Major industry concerns revolve around stock assessments that indicate that the Pacific halibut stock has continuously declined from the late 1990s to around 2010. That trend is estimated to have been a result of decreasing size at age, as well as recent recruitment strengths that are much smaller than those observed through the 1980s and 1990s. Those engaged in groundfish fisheries, where there has been substantial halibut bycatch, say they are continuing research on gear less likely to retain halibut, as well as avoiding areas of large numbers of halibut. But others, who harvest in the directed halibut fisheries, are concerned that the IPHC could substantially reduce the allowable harvest in directed halibut fisheries for reasons of sustainability, because of the numbers of halibut caught as bycatch.

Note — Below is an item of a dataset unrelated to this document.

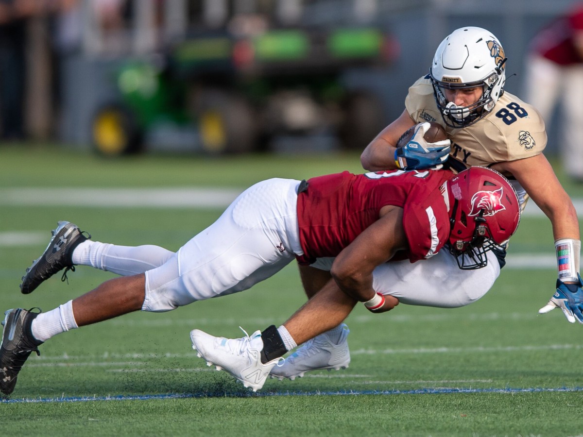Leavitt grad Wyatt Hathaway leads the way on offense for the Mustangs, who grab the Yankee Conference victory at home.

So far only a schedule of sessions has been posted online, at http://www.iphc.int/meetings/2015am/AM15ScheduleofSessions_v1.pdfbut IPHC executive director Bruce Leaman says that he expects a detailed agenda will be posted by the end of this week. The meeting itself generally draws 150 to 200 people, and all public sessions and administrative sessions will be webcast.
Part of the heightened interest in this session, said Leaman, is because following this meeting the IPHC will be meeting with members of the North Pacific Fishery Management Council in Seattle in early February to achieve a better level of dialogue between the two entities.
The IPHC, established back in 1923, sets allowable catch limits on halibut based on stock assessments, while the NPFMC is responsible for setting limits of how much halibut can be caught incidentally to commercial fisheries.
IPHC staff will update the website on a regular basis with new information related to the meeting agenda and reports, webcast information and presentations, as the meeting date approaches.